Does the matter go deeper than that? Who first came up with the idea of foisting this man's lies upon the world? Do we blame the Germans -- or someone else?

As I've mulled over this matter, I've focused on the mystery of the cyptonym. Who came up with the code-name "Curveball" -- a name resonant with deception?

The L.A. Times has indicated that the Germans came up with that odd monicker. Although many Germans know English, they are not baseball fans, and are therefore unlikely to use slang terms arising from that game.

Justin Raimondo has parsed some of the reports coming out of the intelligence committees that looked into this strange affair. Although I don't agree with all of Raimondo's views, I do think he is correct in linking the Curveball imbroglio with Douglas Feith's Office of Special Plans, a neo-con unit within the Department of Defense. The OSP had a bad habit (among its many other sins) of channeling "massaged" data through the American intelligence community and "stovepiping" said data directly into the White House. Moreover, the OSP worked so closely with Mossad that one cannot always easily distinguish between the two agencies.
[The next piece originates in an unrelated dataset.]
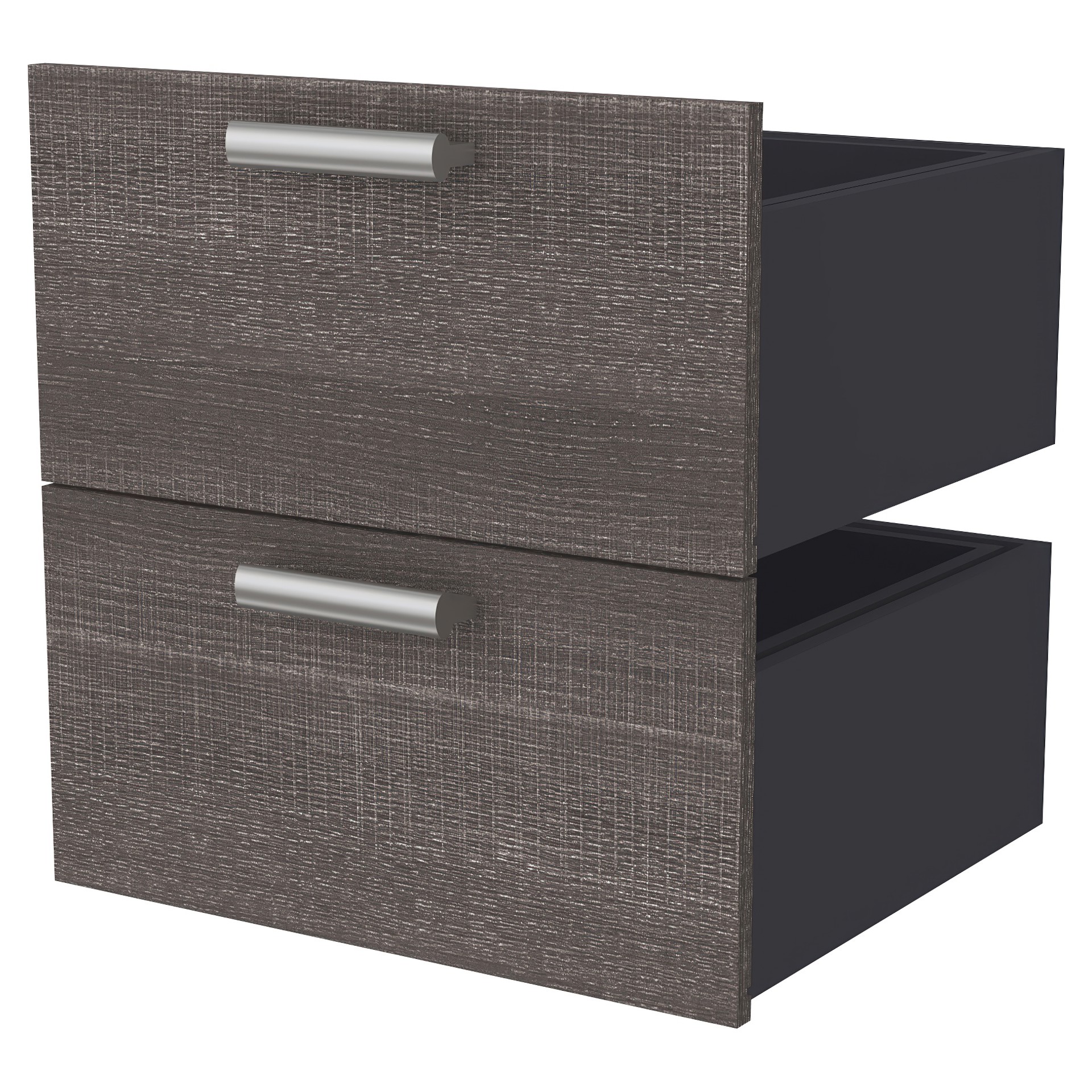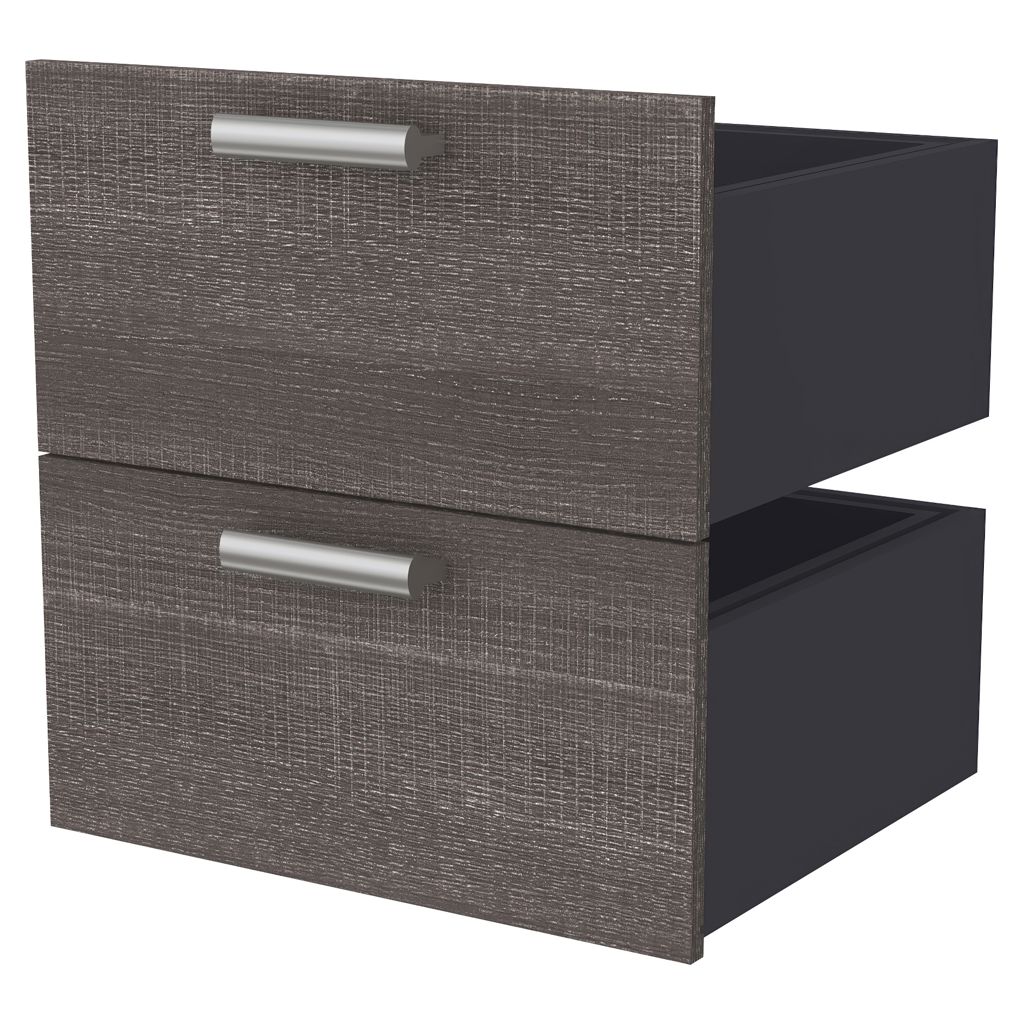 • Each storage unit offers 2 floating shelves, 2 fixed shelves (top and bottom of the unit), 2 adjustable shelves and 2 drawers that open slickly on ball-bearing slides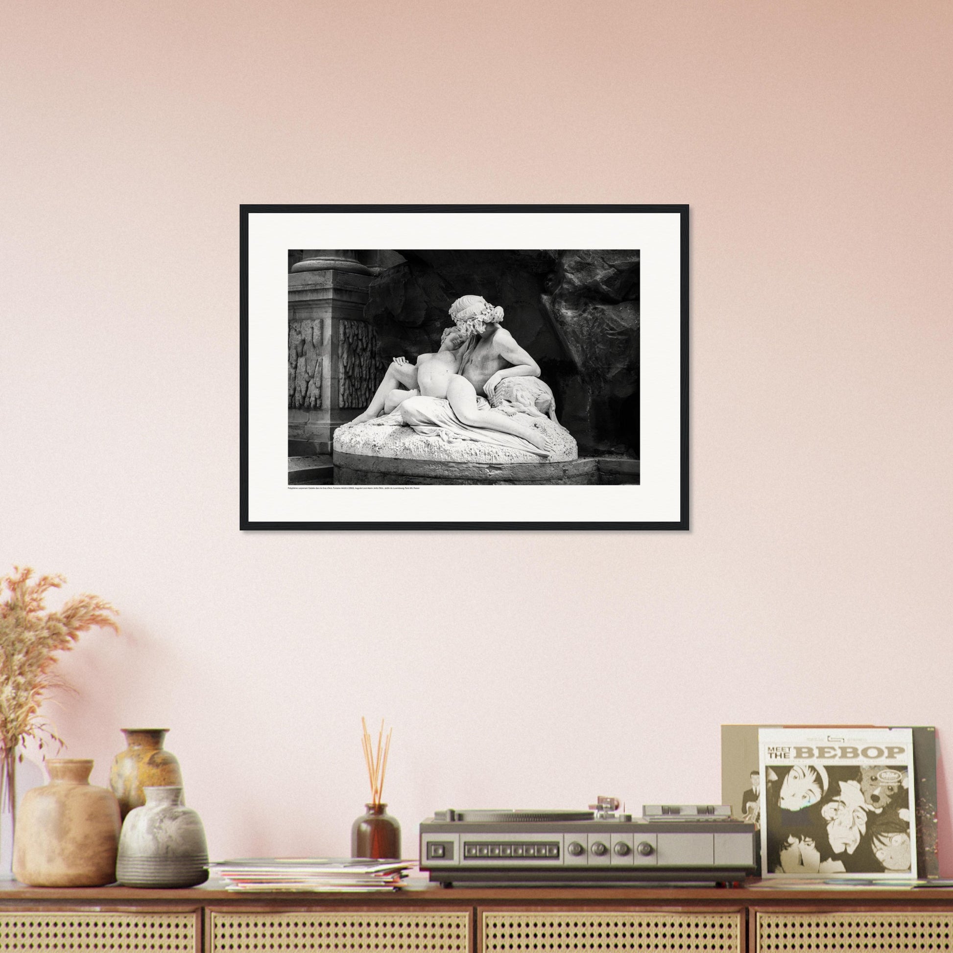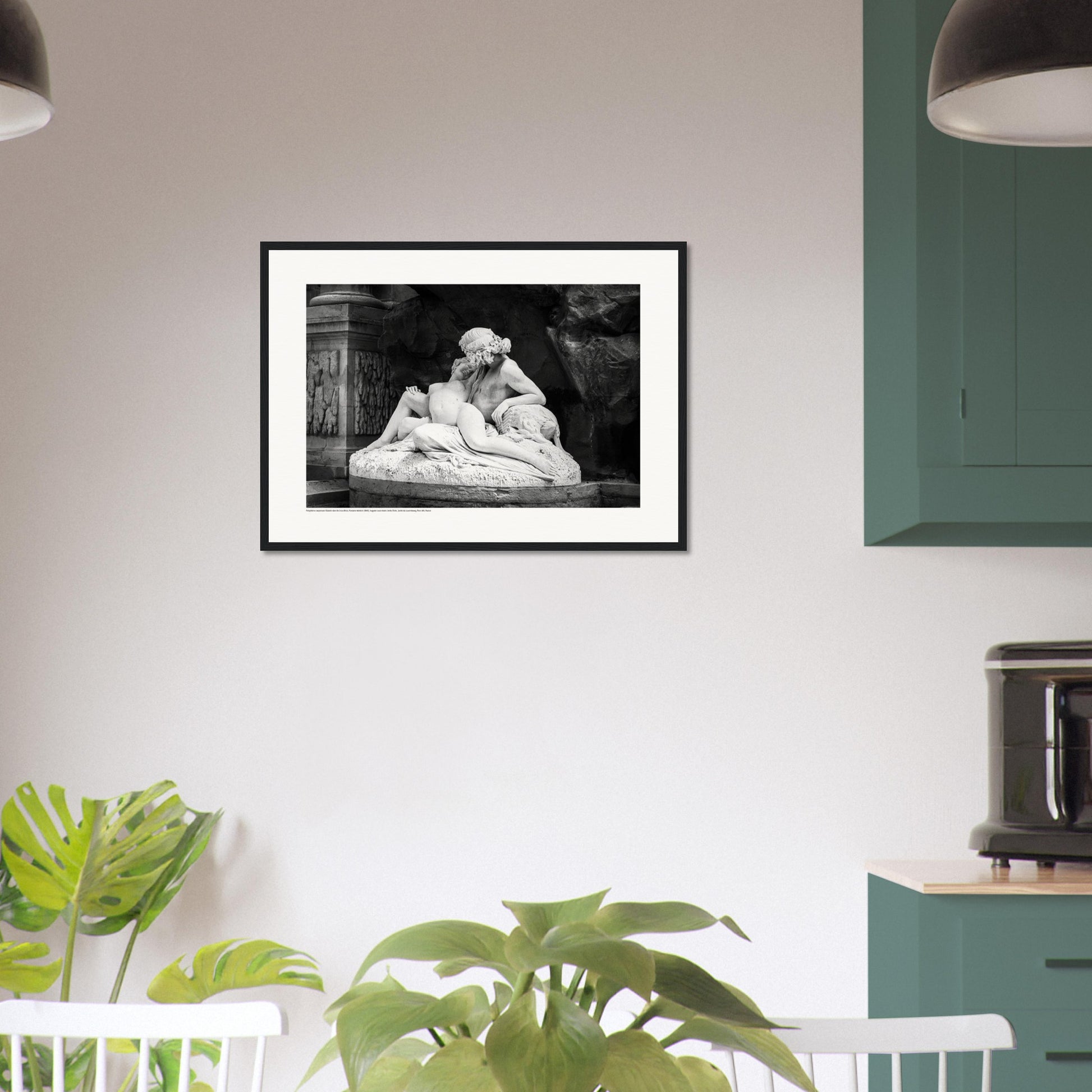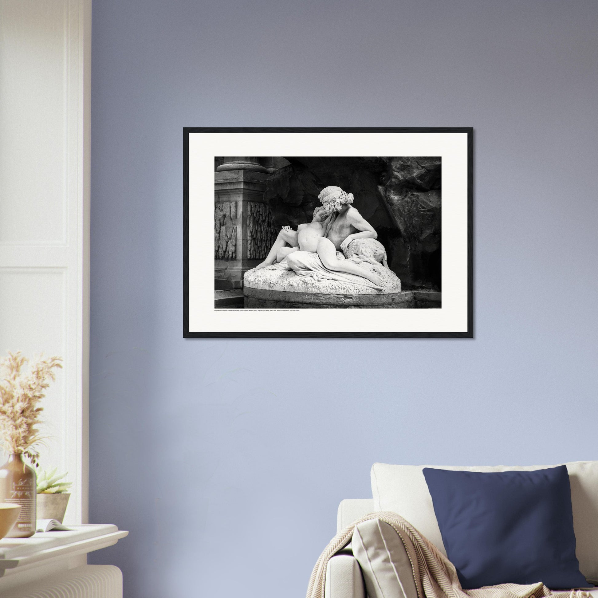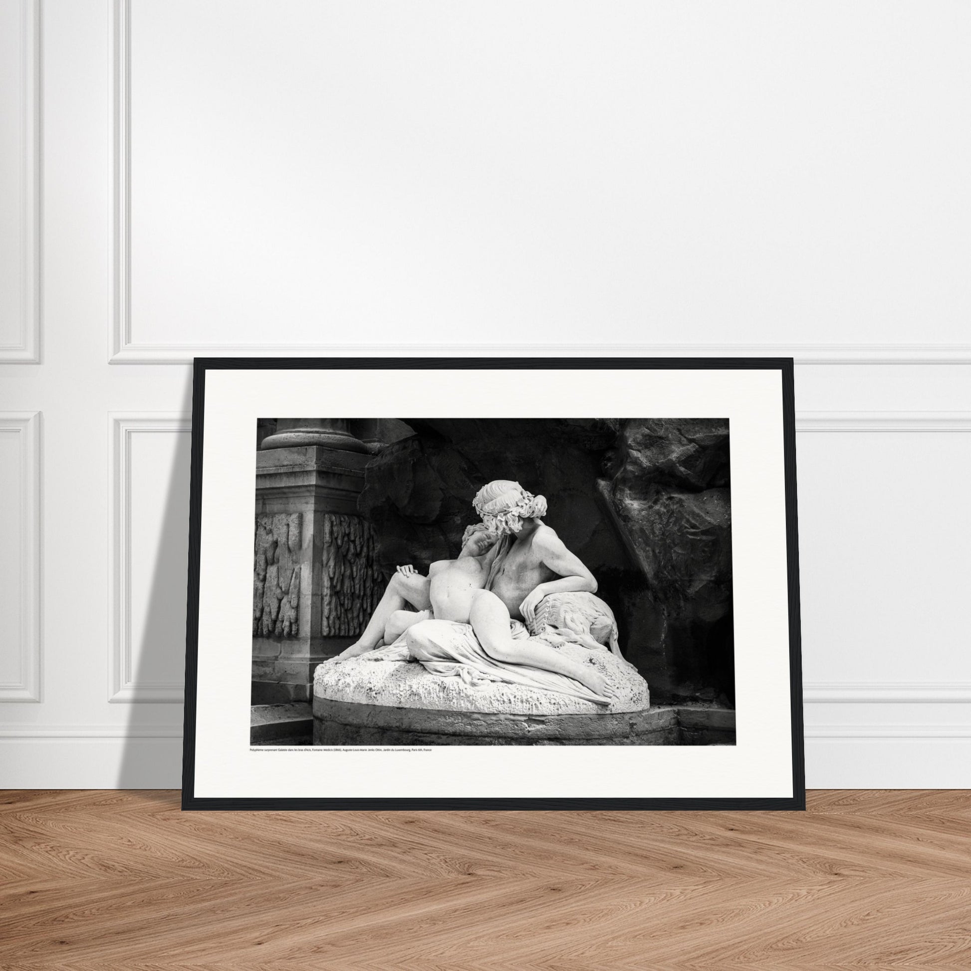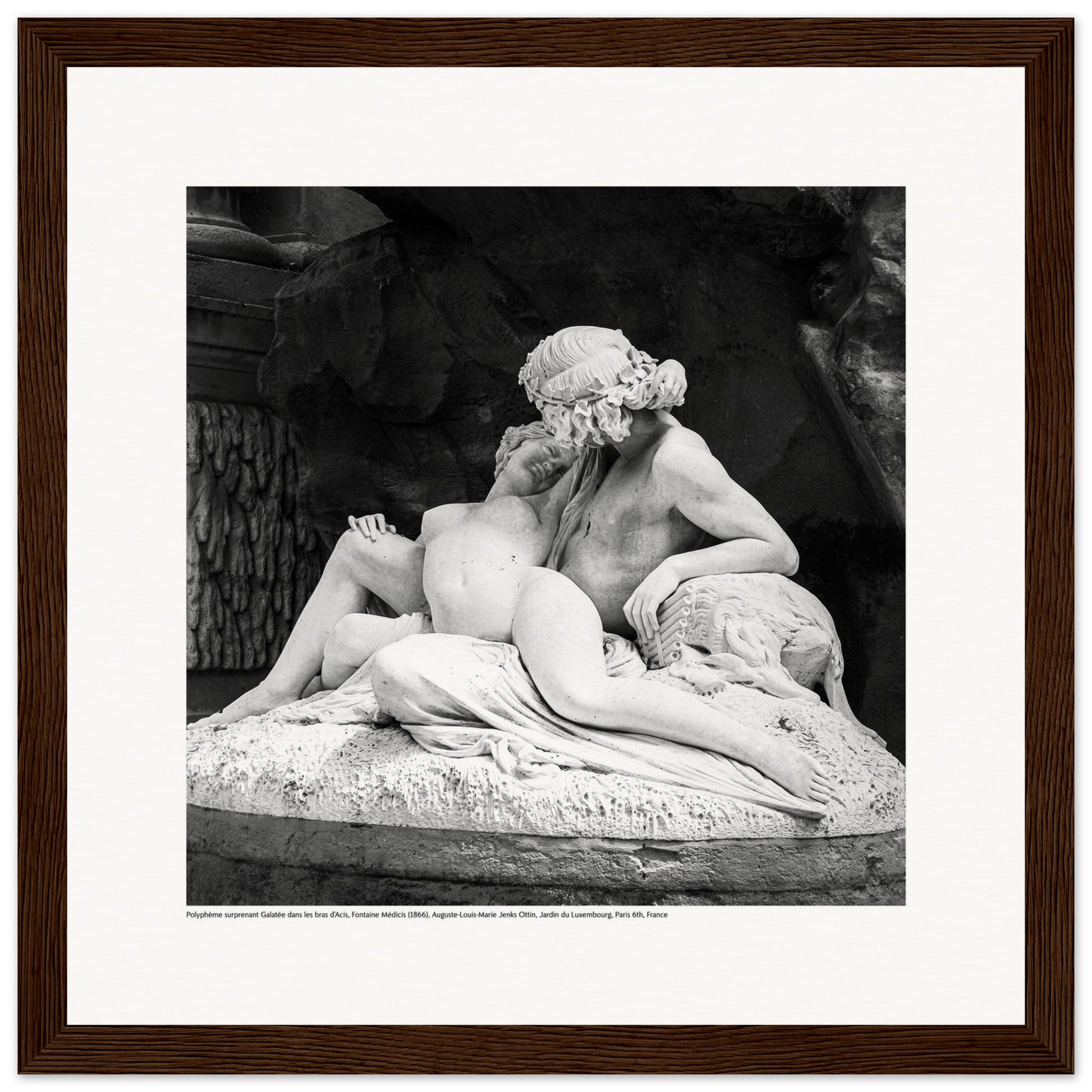 "Polyphème surprenant Galatée dans les bras d'Acis" is also known as the Fontaine Medicis. It was originally designed back in the 1600s when Marie de Medici, who was the Queen regent for her son King Louis XIII after her husband died, decided to have a palace built and gardens laid out in a style reminiscent of her days in Italy. The Cyclops Polyphemus is in love with Galatea, a nereid, nymph of thesea. She prefers the Sicilians Acis. Polyphemus surprises them to get her and kills his rival by crushing him under a rock. Galatea then changes the blood of Acis into a river bearing his name in Sicily.

Whoever gave Curveball the map to the BND's door was probably the one who came up with that ever-so-cute nickname.

We may thus work toward a provisional theory:

True, the OSP could feed lies directly into the Oval Office -- but they needed more. They needed to find a way to make the CIA bestow its imprimatur onto this silliness. Thus, the neocons somehow arranged for Curveball to be routed through German intelligence -- we don't yet know how it happened, but it happened. Why give this alky German minders? If the CIA had dealt with Curveball directly, they would have seen through his deceptions rather easily. But since the information came by way of the BND, the CIA tended to trust it. By the time the agency decided to take a closer look at the sourcing, war was already a done deal.

This little scheme offered a bonus: Since Tenet and McLaughlin had bought into the BND's information, when the shit finally hit the fan, responsibility could be laid to rest at the feet of the CIA. Not the OSP, not the INC, not the BND, not Mossad, not the neocon ideologues.

Once again, we see use of a bold tactic: The use of a foreign spy shop as a go-between, in order to legitimize and circulate bogus (but ideologically useful) data within the U.S. intelligence community. A similar history beset the yellowcake scandal and the infamous "sixteen words."

If there is a label for this technique within spy argot, I don't know it. But if the tactic does not yet have a name, I'd like to suggest one: "Curveballing."